La Repubblica islamica ha accettato, e il suo ministro degli Esteri
Mohamad Javad Zarif – artefice dello storico accordo sul nucleare
siglato con le potenze del 5+1 lo scorso luglio – volerà domani nella
capitale austriaca per sedersi al fianco della diplomazia europea e
araba impegnata senza successo da anni nella risoluzione della guerra
siriana.
Un invito fatto all’ultimo minuto, spiega un report dell’Associated Press,
frutto di settimane di braccio di ferro tra gli Stati Uniti e il loro
più fedele alleato nel Golfo, l’Arabia Saudita, potenza regionale rivale
dell’Iran.
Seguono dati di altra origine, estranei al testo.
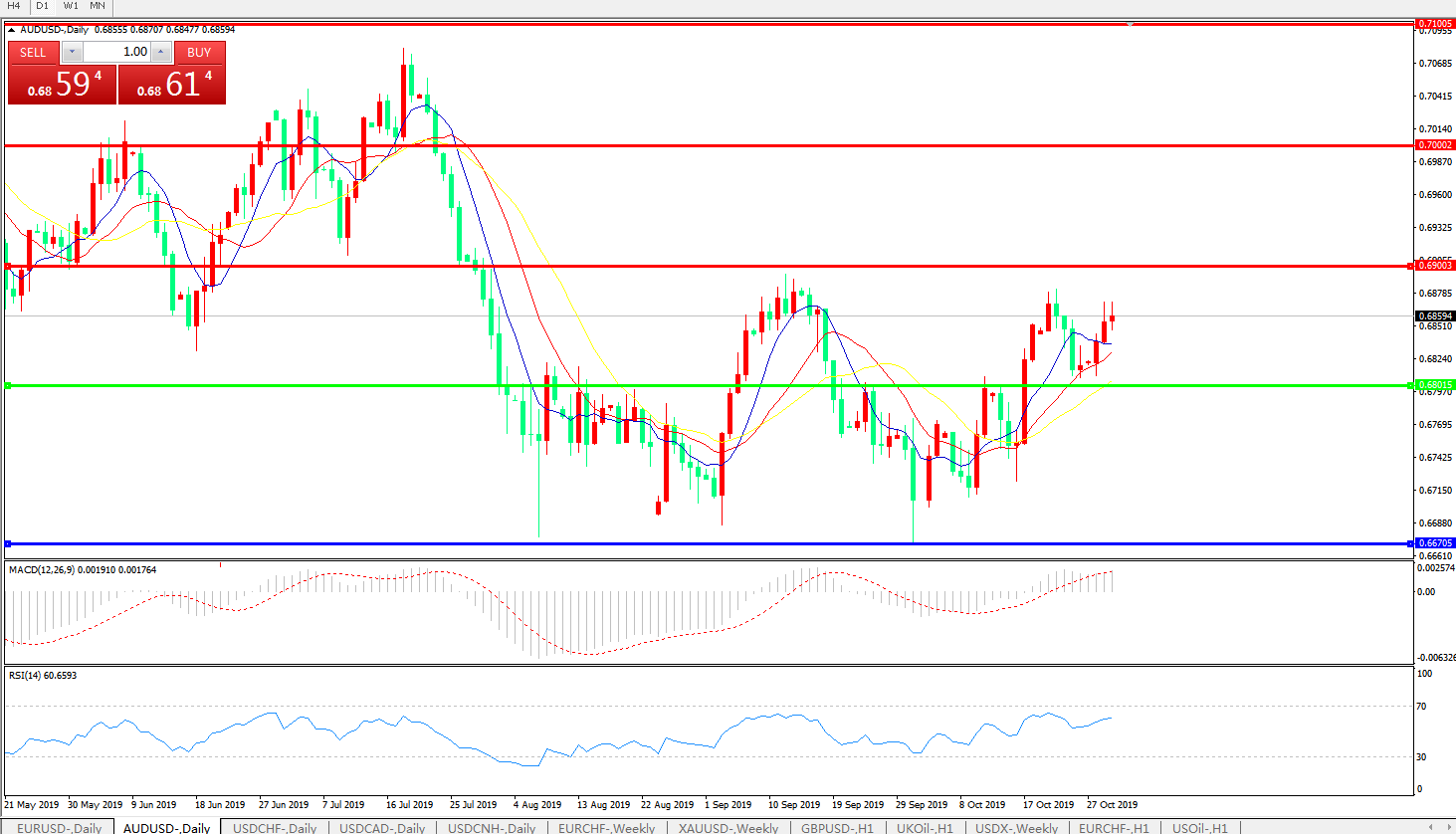 澳元兑美元在周二日内震荡走高,纽约时段开盘前触及上周二以来新高0.6861,主要是受到了全球贸易消息本周以来持续趋向乐观的带动,因为贸易对于澳洲这样的经济体而言尤为重要; 不过,澳元兑美元涨势仍然受到美元指数表现强劲的压制。一方面贸易向好同样提振了美元指数本身,另一方面,虽然美联储在周三再度降息已成定局,但是市场却提前开始押注其会在此后暂缓宽松脚步,这反而令美元得到提振。因此,澳元兑美元日内并未能一鼓作气强势单边上行;l 从趋势上来看,澳元兑美元也仍处于漫长的筑底过程中,上周高点0.6883和9月中旬的高点0.6895仍然是强势的趋势阻力,升破后站上0.69关口,方可确认上行趋势的延续。但这在本周三美联储决议直至下周二澳洲联储决议之前,难度仍然相当大。短期内,澳元兑美元仍将维持横盘波动走势。

Proprio Riyadh, che ha foraggiato una parte della
ribellione a Bashar al-Assad con armi, denaro e influenza politica e
l’ha vista trasformarsi in jihadismo militante, si è sempre strenuamente
opposta alla presenza iraniana al tavolo negoziale per il sostegno dato
da Teheran al campo governativo.
Quando la Russia ha compiuto i suoi primi raid in territorio siriano,
lo scorso settembre, Riyadh aveva minacciato un intervento armato. Ma
ora che le sorti della guerra sono cambiate, e che l’asse
Mosca-Damasco-Teheran appare più forte sul campo rivelando il fallimento
della strategia militare portata avanti da Obama, Washington sembra
aver sacrificato l’alleato saudita – e forse l’intera impresa militare
di sostegno dei cosiddetti “ribelli moderati” – in nome della soluzione
politica.
“Riteniamo – ha dichiarato il vice ministro degli Esteri iraniano
Hossein Amir Abdollahian alla tv di stato – che la soluzione per la
Siria sia quella politica. Americani e stranieri in Siria non hanno
altra scelta se non accettare la realtà nel paese. Assad ... ha la
preparazione necessaria per i colloqui con i ribelli che si sono
impegnati in un percorso politico “.
La partecipazione dell’Iran ai colloqui, infatti, manda in frantumi il sogno delle cancellerie occidentali – in primis degli Stati Uniti – e dei loro alleati del Golfo di sbarazzarsi immediatamente del presidente siriano.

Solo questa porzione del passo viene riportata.